*YOUR TASK*. Only one stretch of the listing below is wanted. Begin at the line that has "Beautiful lot of", stop after the line that has "The place was", and repeat every line in between exactly.

*DATA FOR THIS TASK*.
■ ■ ■ ■ ■ ■ ■

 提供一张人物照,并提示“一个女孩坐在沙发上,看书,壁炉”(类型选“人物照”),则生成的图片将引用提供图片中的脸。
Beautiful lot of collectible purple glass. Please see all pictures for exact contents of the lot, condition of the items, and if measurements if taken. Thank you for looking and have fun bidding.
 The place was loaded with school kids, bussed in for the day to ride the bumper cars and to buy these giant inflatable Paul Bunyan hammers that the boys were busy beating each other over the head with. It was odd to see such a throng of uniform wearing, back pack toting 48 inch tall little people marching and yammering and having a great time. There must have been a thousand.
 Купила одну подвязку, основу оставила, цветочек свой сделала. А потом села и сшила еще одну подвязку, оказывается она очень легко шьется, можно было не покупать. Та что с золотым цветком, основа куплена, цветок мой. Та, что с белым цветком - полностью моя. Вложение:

■ ■ ■ ■ ■ ■ ■

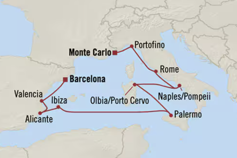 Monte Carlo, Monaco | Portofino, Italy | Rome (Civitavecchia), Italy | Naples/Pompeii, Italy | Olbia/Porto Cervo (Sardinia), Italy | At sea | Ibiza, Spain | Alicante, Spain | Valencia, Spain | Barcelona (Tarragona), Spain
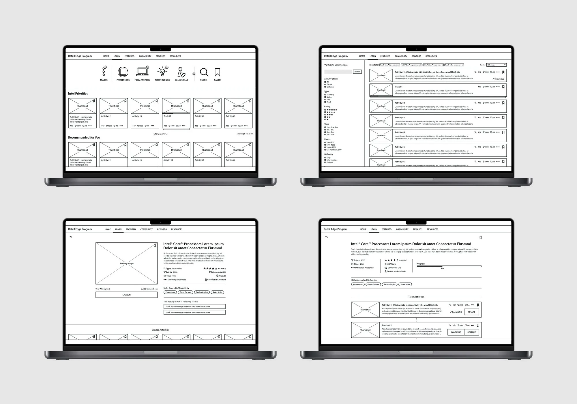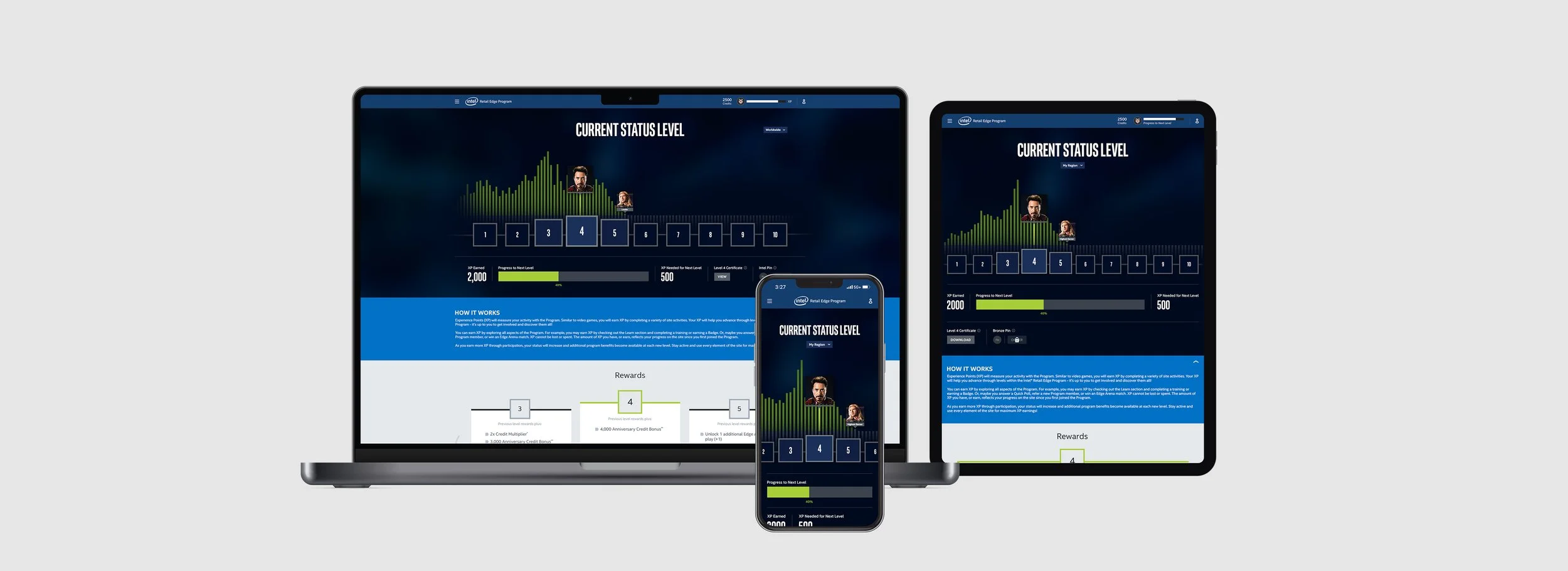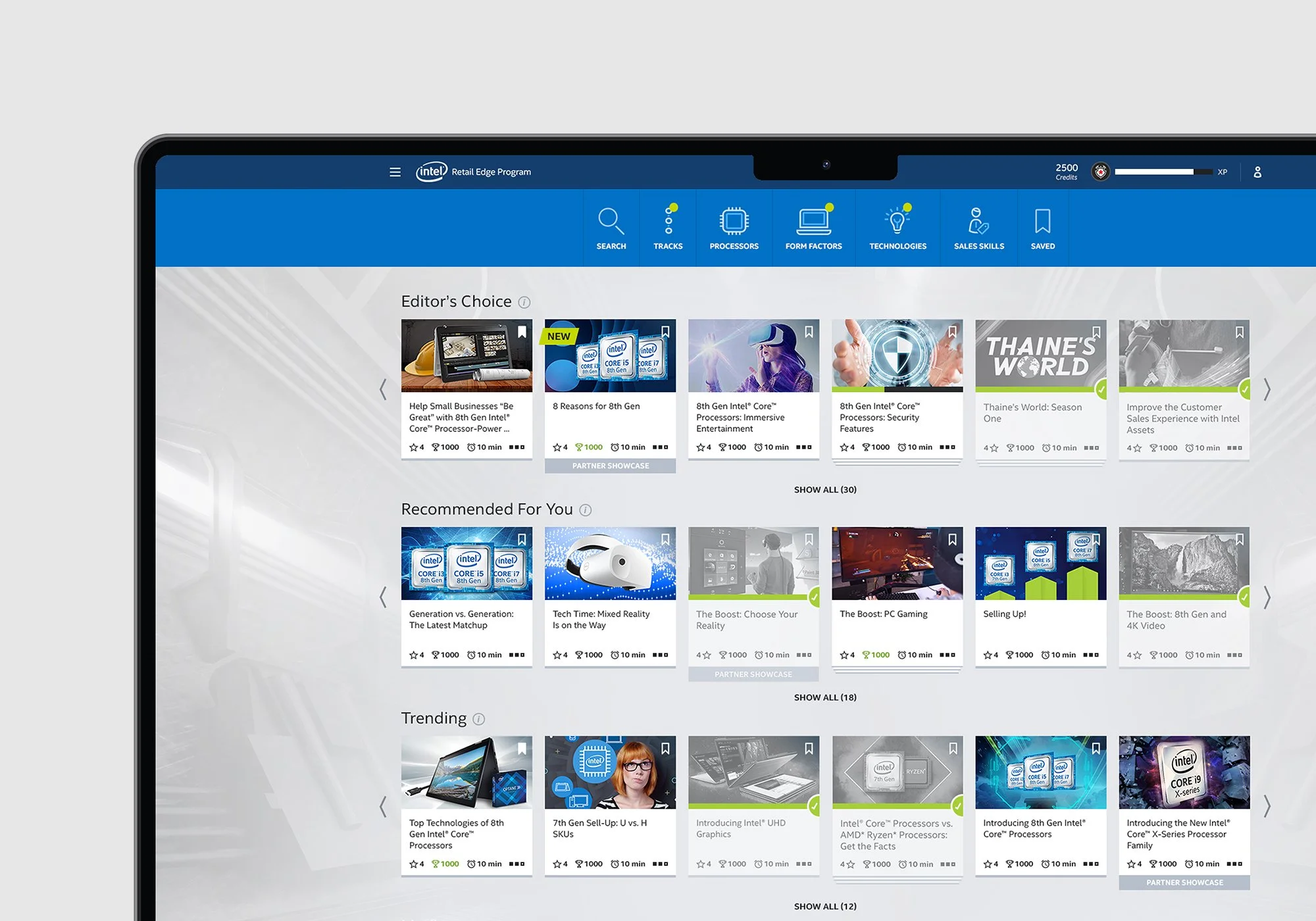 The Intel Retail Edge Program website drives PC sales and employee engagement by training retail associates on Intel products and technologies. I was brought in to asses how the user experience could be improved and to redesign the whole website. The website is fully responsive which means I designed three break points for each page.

■ ■ ■ ■ ■ ■ ■

*SOLUTION TO THIS TASK*.
Beautiful lot of collectible purple glass. Please see all pictures for exact contents of the lot, condition of the items, and if measurements if taken. Thank you for looking and have fun bidding.
 The place was loaded with school kids, bussed in for the day to ride the bumper cars and to buy these giant inflatable Paul Bunyan hammers that the boys were busy beating each other over the head with. It was odd to see such a throng of uniform wearing, back pack toting 48 inch tall little people marching and yammering and having a great time. There must have been a thousand.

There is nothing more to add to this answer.